BERLIN – Si vous faites une recherche sur les termes « Europe » et « crise » sur Google, vous allez trouver 784 millions de résultats. Ces deux termes sont si souvent associés l'un à l'autre qu'ils sont quasiment devenus un mot composé. À chaque nouvelle eurocrise, la question de savoir si le projet européen va survivre hante les commentateurs.

En surface, un grand nombre de ces eurocrises se ressemblent. Les gouvernements européens traversent différentes phases de chagrin – le désaveu et la colère, puis la reconstruction et à l'acceptation – et finissent par se retourner contre les suspects habituels. Pour les Européens du Nord, le problème se situe toujours dans le Sud de l'Europe ; pour ceux du Sud, les Allemands sont les méchants et la Chine est un sauveur potentiel.

Mais bien sûr, il existe des différences fondamentales entre la génération de dirigeants qui ont dirigé l'Europe à travers la crise financière de 2008 et ceux qui sont aujourd'hui aux prises avec celle du COVID-19. Cela est devenu évident ce mois-ci lorsque l'ancien Premier ministre britannique Gordon Brown s'est lancé dans une tournéemédiatique pour partager les leçons de son mandat de Premier ministre.

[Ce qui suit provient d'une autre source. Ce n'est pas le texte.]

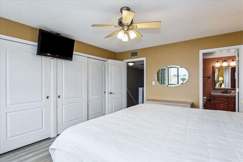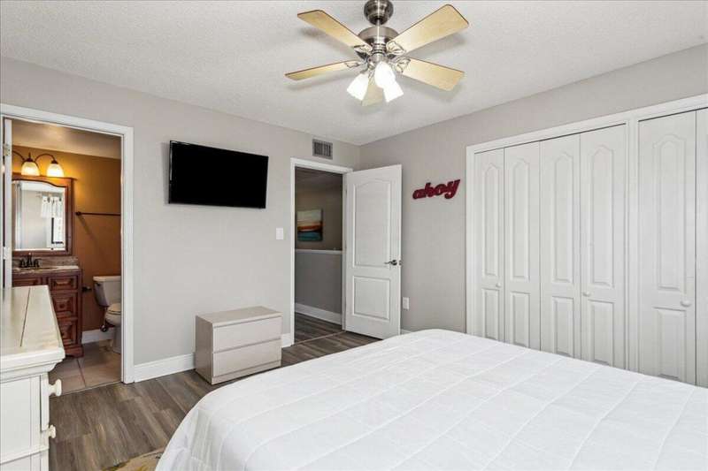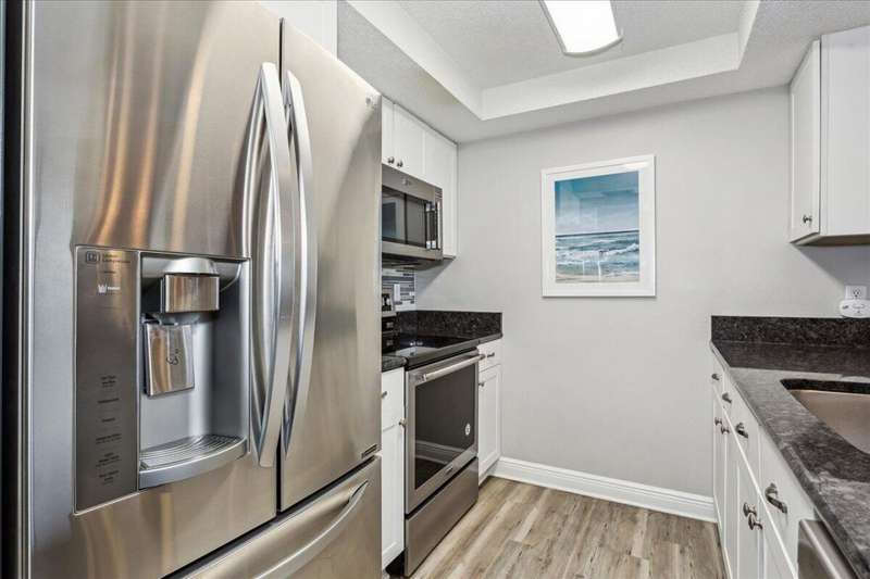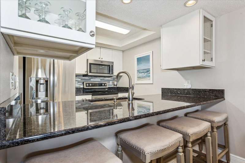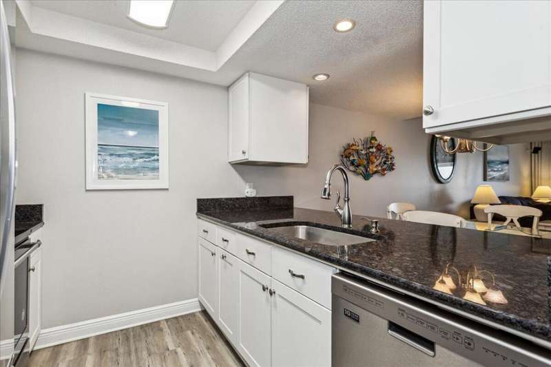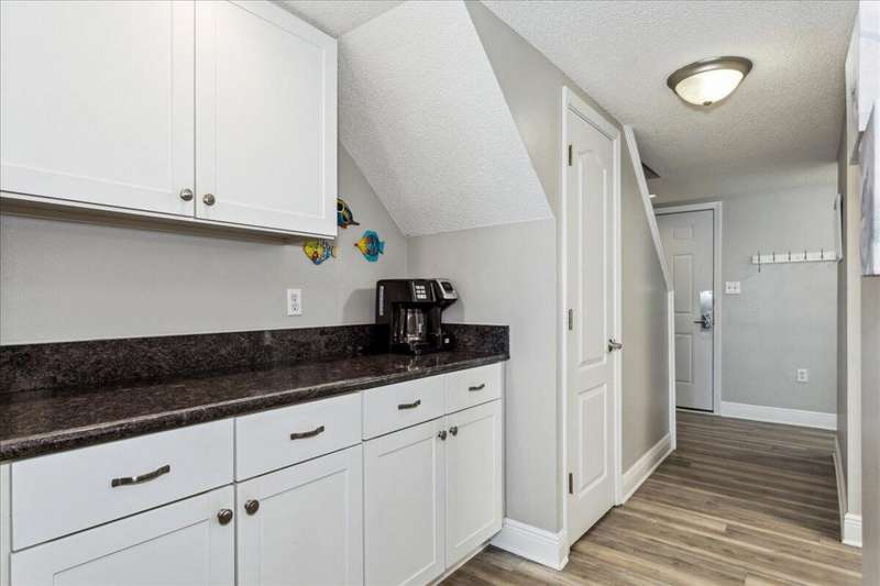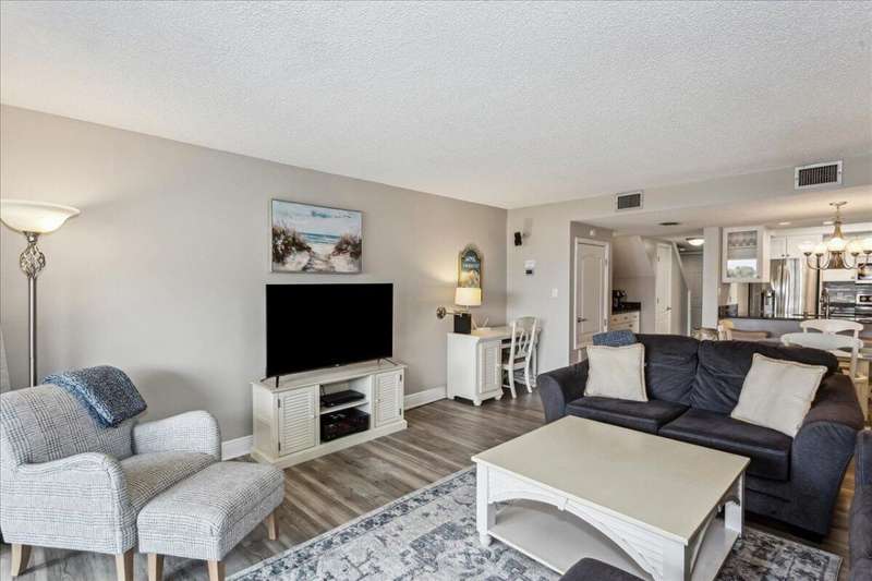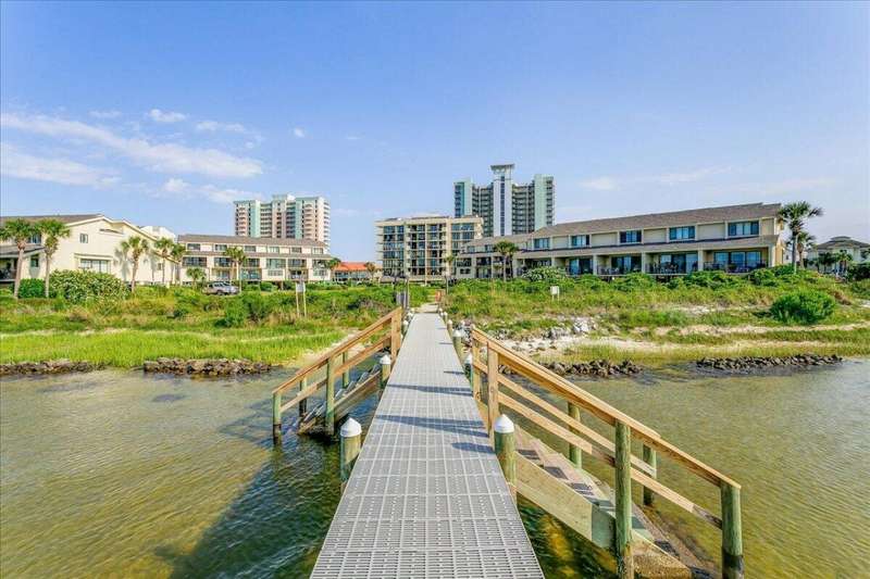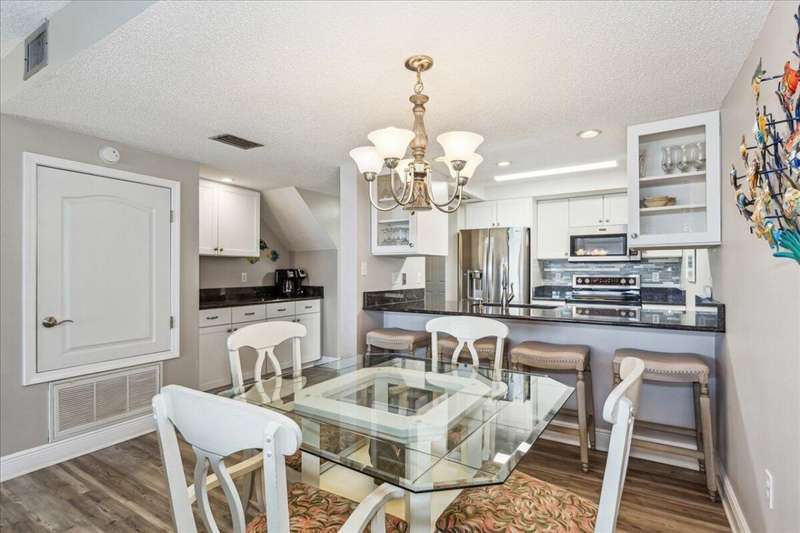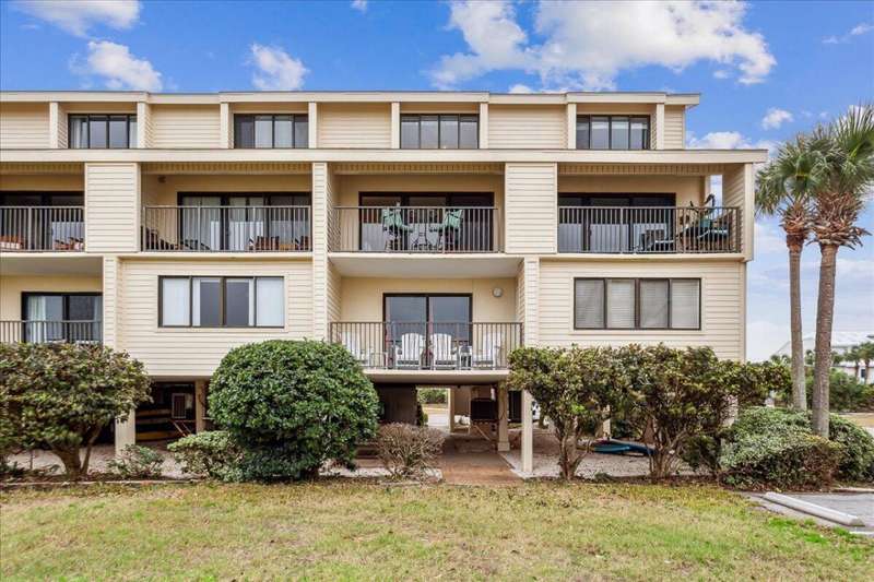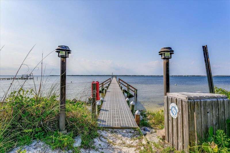 Step into coastal bliss with this stylishly updated 2-bedroom, 2.5 bathroom condo, featuring LVP flooring, neutral color palette, and updated kitchen and bathrooms - making it a turnkey investment or move-in ready primary/vacation home. Designed for comfort and modern convenience, the main level is a bright and airy open concept living and dining area, that leads to a spacious balcony where you can unwind with breathtaking Sant Rosa Sound views. The galley-style kitchen is attractively updated and functional, showcasing white cabinetry, granite countertops, stainless appliances and a unique built-in coffee bar - smartly expanding kitchen storage and counter space. A half bath, convenient for guests, completes this level. Upstairs, the Primary Suite is a serene retreat, offering mesmerizing waterfront views, two closets, and ensuite bathroom with updated vanity and tiled walk-in shower with glass door. The second bedroom is generously sized with a large closet and its own updated ensuite bath. The upstairs laundry area adds ease and convenience. Santa Rosa Dunes is an amenity-filled Soundside community with a robust clubhouse including full kitchen and workout room, large swimming pool, tennis courts, private beach, and pier. Boats/trailers are permitted in designated parking areas. Plus, easy access to the white sandy beaches along the Gulf of Mexico, directly across the street. Santa Rosa Dunes has successfully completed the state-required Milestone Inspection and Reserve Study. Enjoy beach life - full-time or part-time - with this opportunity to own a little slice of paradise!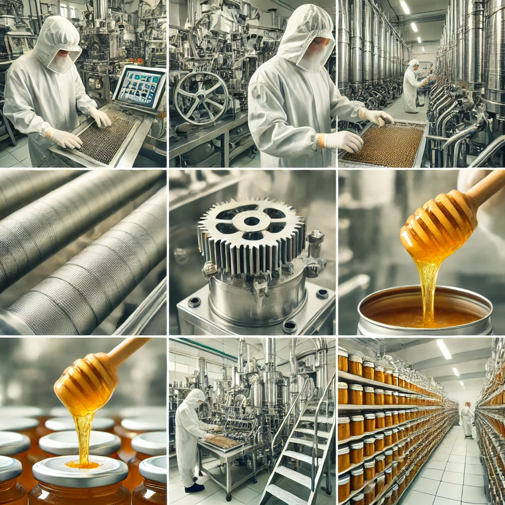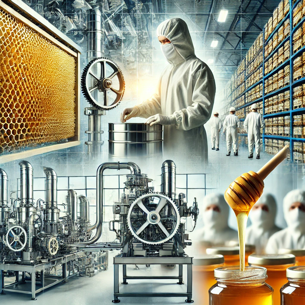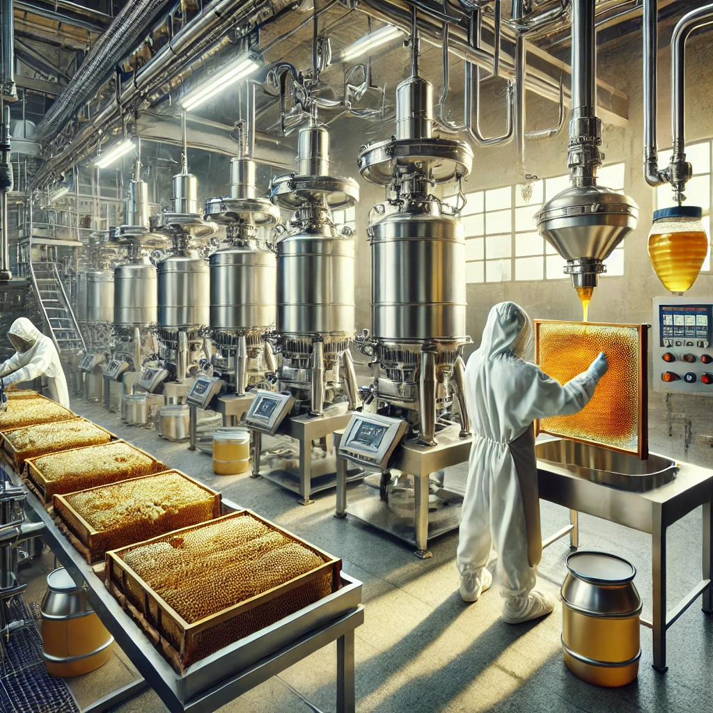 DALL·E 2024-07-04 01.00.44 - An authentic picture of honey manufacturing. Show a modern facility with workers in protective gear, using advanced machinery for extracting and bottl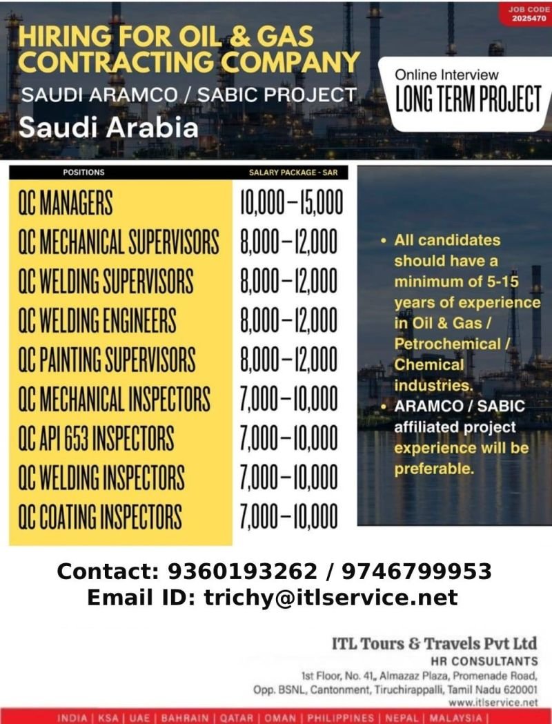 FREE RECRUITMENT | High Salary | Food + Accommodation + OT Provided One of the largest Oil & Gas contracting companies executing Aramco & SABIC Projects in Saudi Arabia is urgently hiring experienced QC professionals for long-term positions.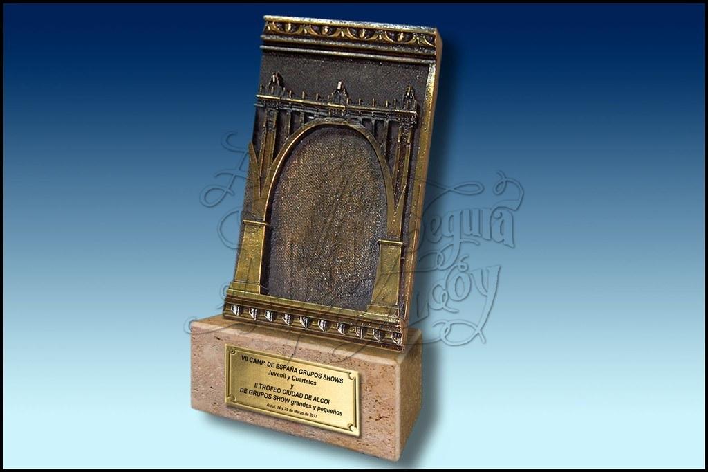 Trofeo del Puente de San Jorge de Alcoy, en bajorelive. Realizado en resina, en acabado bronce.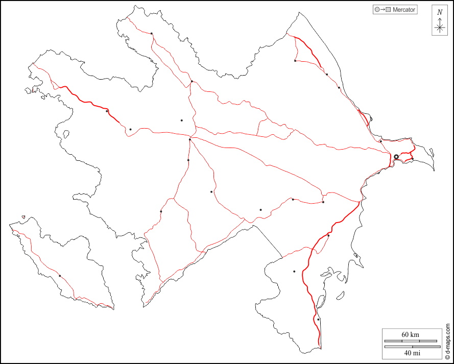 d-maps > Asia > Azerbaiyán > contornos, principales ciudades, carreteras, blanco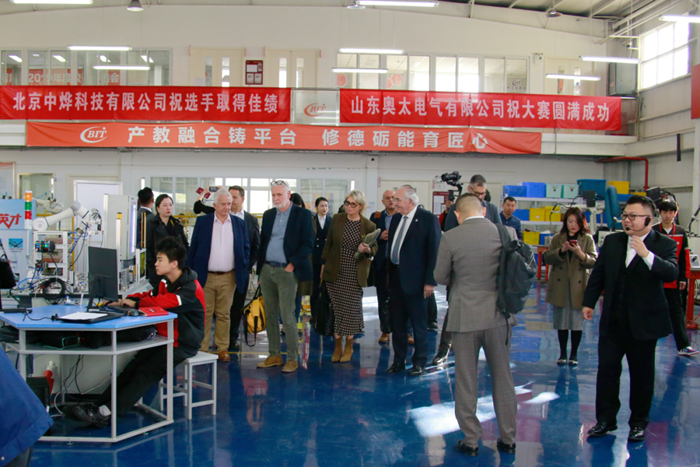 按照精心设计的接待路线,英国职业技能访问团一行先后来到学院数控车间、数控世赛基地、文物修复实训室等多个教学场所参观。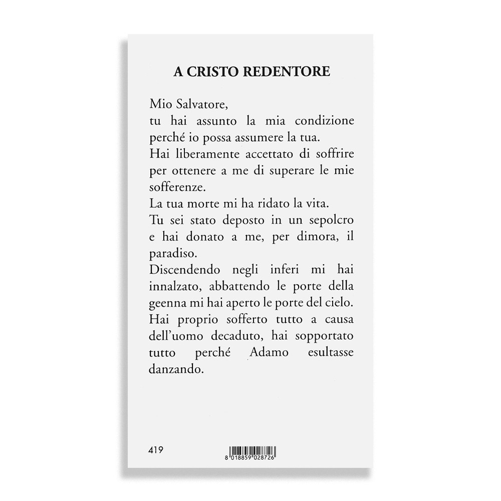 Immaginetta di Gesù Redentore completo di preghiera sul retro.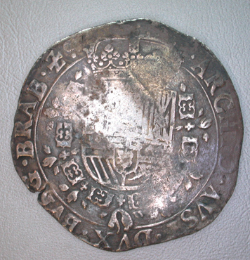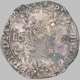 - BeschrijvingVz: Andreaskruis, beladen met kroon, waaronder een guldenvlies hangt. Jaartal 16-23. Daaromheen gerokken parelrand. Kz: Een gekroond wapenschild, omhangen met guldenvlies keten. Uit de vuurslagen van de keten springen vonken. Daaromheen een parelrand (zwaar beschadigd)
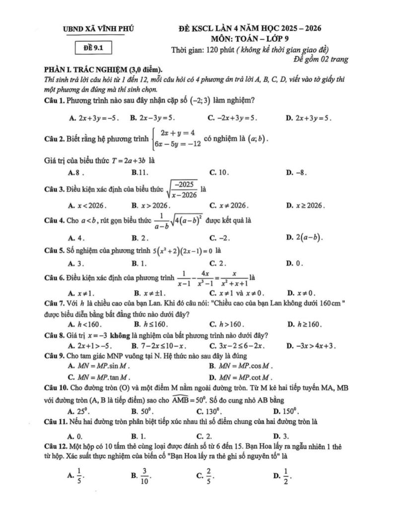 Trích dẫn Đề khảo sát Toán 9 lần 4 năm 2025 – 2026 xã Vĩnh Phú – Phú Thọ: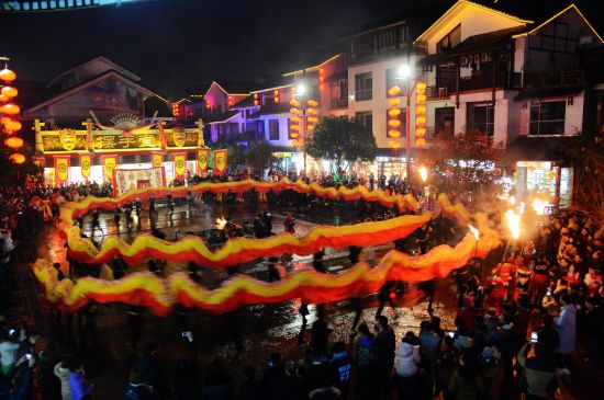 火龍出場(chǎng),街區(qū)狂舞;盤(pán)龍點(diǎn)睛,眾人祈福。12月21日,農(nóng)歷冬至,當(dāng)天夜晚在旅游勝地張家界武陵源區(qū)溪布老街?jǐn)[手堂廣場(chǎng)啟動(dòng)的 “武陵腔調(diào):趕火趕戲趕大年”活動(dòng)儀式上,一條全身似火的長(zhǎng)龍?jiān)诮倜良覂号奈鑴?dòng)下 “閃亮”登場(chǎng),格外耀眼。據(jù)了解,這條長(zhǎng)龍身有香味,全長(zhǎng)108米,是目前世界最長(zhǎng)的香火龍。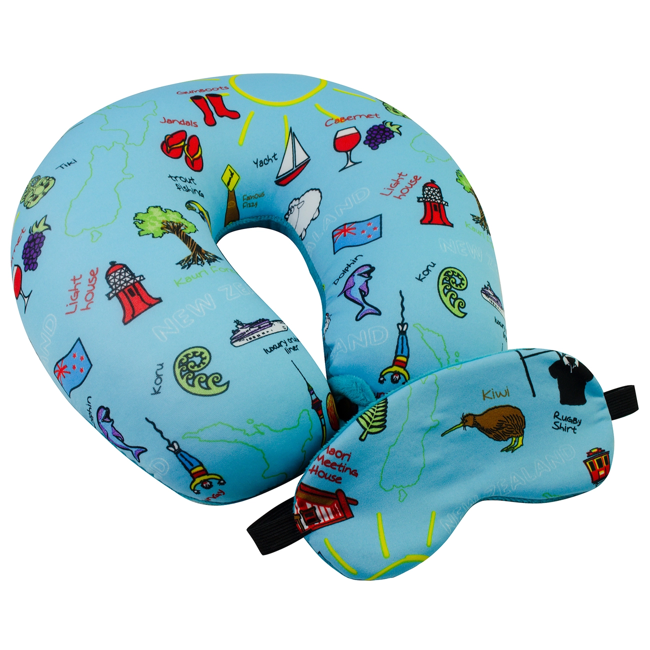 Подушка-рогалик дорожня і пов'язка для очей Home Line "Подорожі" (блакитна) 30х30см 152641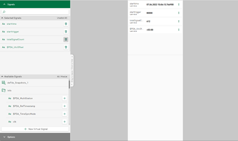 DAT-Dateien enthalten neben den Signaldaten auch eine Reihe von Infofeldern. Je nach Anwendung sind die Anzahl der Infofelder und die Werte unterschiedlich. Dennoch kann die Kachel für die Werteanzeige nun neben den Signaldaten auch die Infofelddaten aus den Datendateien anzeigen. Der Signalbaum stellt neben den Signaldaten auch die Infofelder als Textkanäle zur Verfügung. Die Infofelder können Sie ähnlich wie die Signaldaten auswählen, um sie in der Werteanzeige zu visualisieren.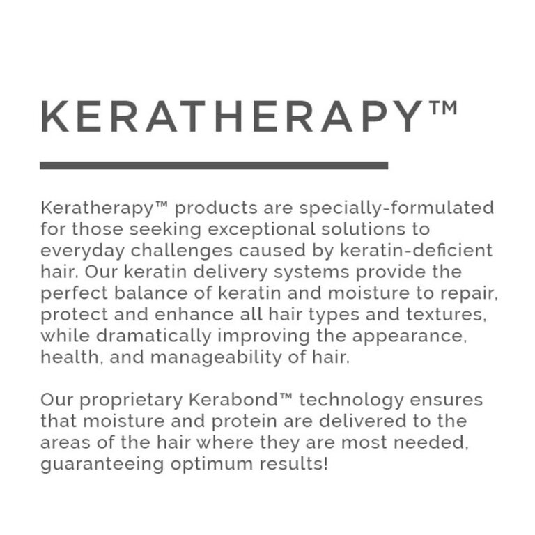 - Technologie Kerabond : exclusive à Keratherapy, cette technologie qui lie kératine, ingrédients botaniques, extraits et agents de conditionnement se distribue dans les zones du cheveu où ils sont le plus nécessaires. Le résultat est l'équilibre parfait de protéines et d'hydratation.

En raison de sa réponse proactive à la crise de 2008, qui comprenait l'organisation du sommet du G-20 en avril 2009 où les dirigeants du monde ont convenu d'une réponse coordonnée en matière de politique économique, certains commentateurs ont suggéré que Brown avait sauvé le système financier mondial à lui tout seul. Brown demande à présent pourquoi les dirigeants actuels n'organisent pas un sommet équivalent pour anticiper sur les retombées économiques de la pandémie.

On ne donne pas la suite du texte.